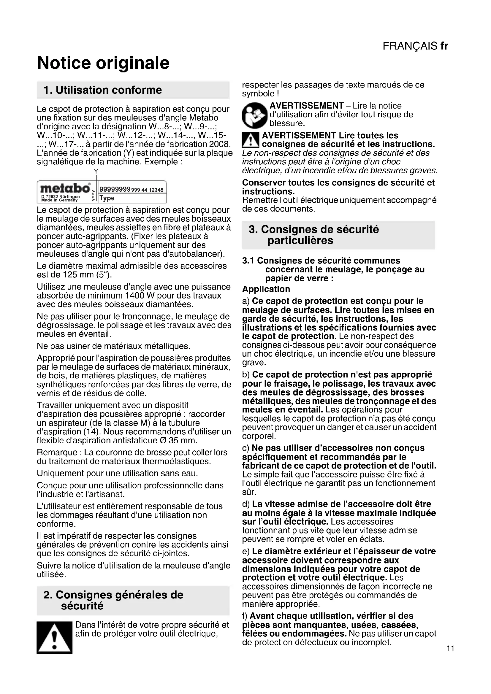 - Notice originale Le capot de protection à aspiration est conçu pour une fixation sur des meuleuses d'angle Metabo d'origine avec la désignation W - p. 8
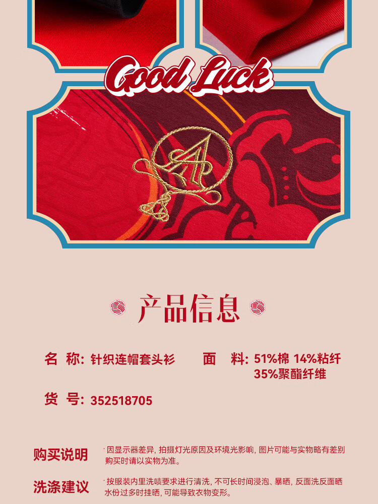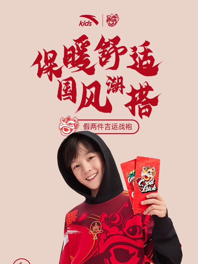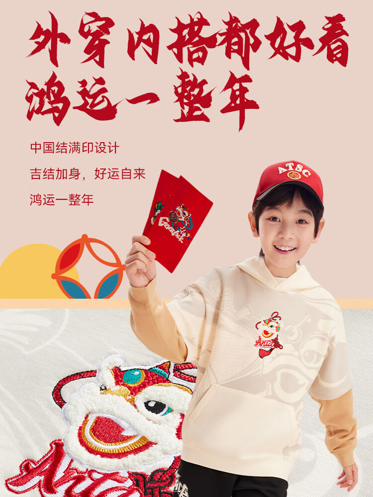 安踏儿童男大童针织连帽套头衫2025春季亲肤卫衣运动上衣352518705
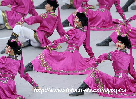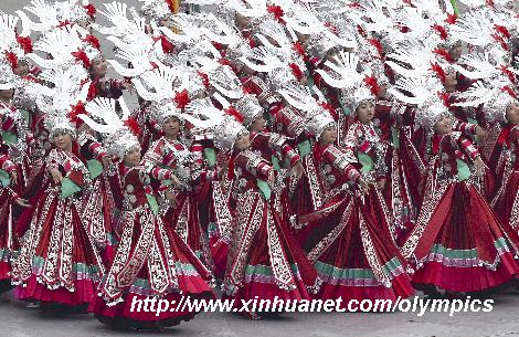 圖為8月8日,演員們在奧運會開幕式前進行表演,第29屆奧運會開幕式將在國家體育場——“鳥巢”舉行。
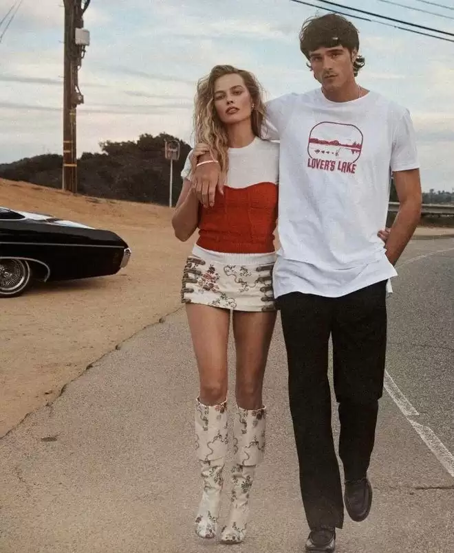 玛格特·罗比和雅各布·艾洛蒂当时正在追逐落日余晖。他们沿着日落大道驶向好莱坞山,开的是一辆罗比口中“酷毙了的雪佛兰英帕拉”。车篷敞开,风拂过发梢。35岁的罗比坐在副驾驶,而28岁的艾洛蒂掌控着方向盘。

++++++

» **PROBLEM DETAILS**
All lines from the line with "圖為8月8日,演員們在奧運會" through the final line of the data, both included, are to be repeated exactly; no other lines and no pictures.

» **COMPLETED EXERCISE**
 圖為8月8日,演員們在奧運會開幕式前進行表演,第29屆奧運會開幕式將在國家體育場——“鳥巢”舉行。
 玛格特·罗比和雅各布·艾洛蒂当时正在追逐落日余晖。他们沿着日落大道驶向好莱坞山,开的是一辆罗比口中“酷毙了的雪佛兰英帕拉”。车篷敞开,风拂过发梢。35岁的罗比坐在副驾驶,而28岁的艾洛蒂掌控着方向盘。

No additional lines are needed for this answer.